Clínica ou diagnóstico X clínica ampliada e diagnóstico

11 votos

Nesse vídeo podemos ver um pouco das grandes fraturas e a grande fragilidade da aliança liberal conservadora diante dos impactos da quarta revolução industrial na economia, na política e no mundo do trabalho.

Independente do teor das acusações de promiscuidade de interesses dos proponentes do Telessaúde e do eSUS com o setor privado da área da saúde, cabe analisarmos a origem dessas divergências entre as diversas facções conservadoras e liberais da base de sustentação do governo federal.

A disruptura que a introdução da inteligência artificial está causando no setor industrial e na prestação de serviços é insuportável para o conservadorismo.

Aqui nós veremos uma grande guerra entre os interesses corporativos e o conjunto das expectativas do que seria um atendimento em saúde de qualidade. Menos trabalhadores especializados e mais qualidade no atendimento a saúde é o que nos prometem uma certa ciência e um determinado tipo de uso da tecnologia.

O que é central na atenção em saúde e na medicina? O diagnóstico e a tecnologia implicada no tratamento ou a clínica?

No primeiro caso o paciente não importa. Apenas a doença e os mecanismos bioquímicos, quimioterápicos e todo o conjunto de exames,  implantes e técnicas de intervenção cirúrgica que podem agir sobre a doença diagnosticada.

No segundo tipo de prática de cuidado em saúde, a clínica, palavra que tem origem no termo grego Klinikos – prática a beira do leito, debruçar-se sobre, dar atenção ao doente – implica na relação entre o paciente e seu cuidador, entre o médico e o paciente. É sem dúvida a abordagem que dá conta de humanizar e produzir qualidade de vida no ato de lidar com as dores da existência.

O fato é que para a medicina de mercado (que visa a eficiência para auferir lucro através da atenção em saúde) a clínica não tem nenhum interesse. O reducionismo da abordagem tecnicista implica no rebaixamento da existência ao lidar com a doença como mera disfuncionalidade.
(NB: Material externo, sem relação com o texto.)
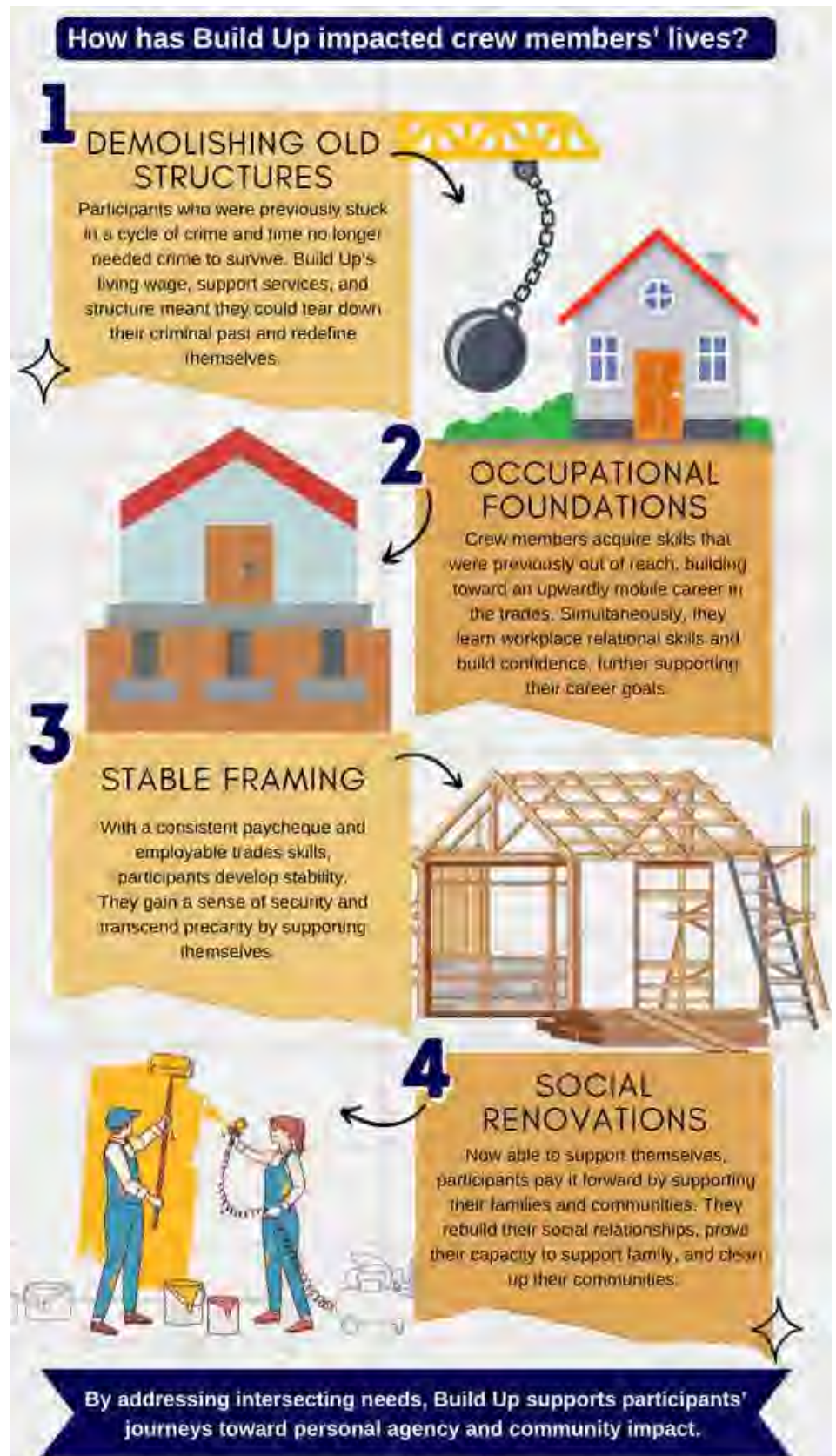
Figure 1: Themes of Build Up Crew Experiences

Com a revolução da inteligência artificial um sistema de saúde que desconsidere a clínica permitirá uma grande redução nos postos de trabalho em medicina. O mesmo irá acontecer com os profissionais da área do direito e de muitas outras profissões.

Os algoritmos inteligentes são largamente mais eficientes do que humanos para traduzir a interação de variáveis em cálculos capazes de fornecer diagnósticos e condutas, prescrições em última análise. Mas o cuidado não se resume a esse processamento de informações (leia-se sinais e sintomas) em diagnóstico e prognóstico.

Entretanto, para a lógica de mercado é o que basta. Desse modo os profissionais da medicina serão substituídos por algoritmos inteligentes.

Estamos diante do desafio coletivo de encontrar razões para incluir a clínica (a relação entre cuidador e doente) nas políticas de saúde pública. Se isso não acontecer, veremos o avanço da crescente da desumanização do cuidado em saúde. O prejuízo será de grande parte dos trabalhadores da saúde, especialmente médicos, e dos usuários do SUS.

O vídeo citado mostra, para além da ideologia, que conservadores e liberais já estão percebendo a ameaça ao seu próprio status social, diante da mercantilização promovida pelo uso desastroso dos desenvolvimentos tecnológicos, especialmente da inteligência artificial.

É evidente que o uso de algoritmos inteligentes em saúde não é o mal em si mesmo. A ameaça vem da crescente eliminação da clínica, da relação terapêutica entre cuidadores e doentes, em favor do diagnóstico e tratamento automatizado e mediado por softwares e hardwares de alta tecnologia.

A sofisticação das análises desses fenômenos implica em sermos capazes de estar além dos processos abarcados pela inteligência artificial. O caráter de nossa humanidade exige mais do que simplificações protofascistas como essas que capturaram nossa agenda política.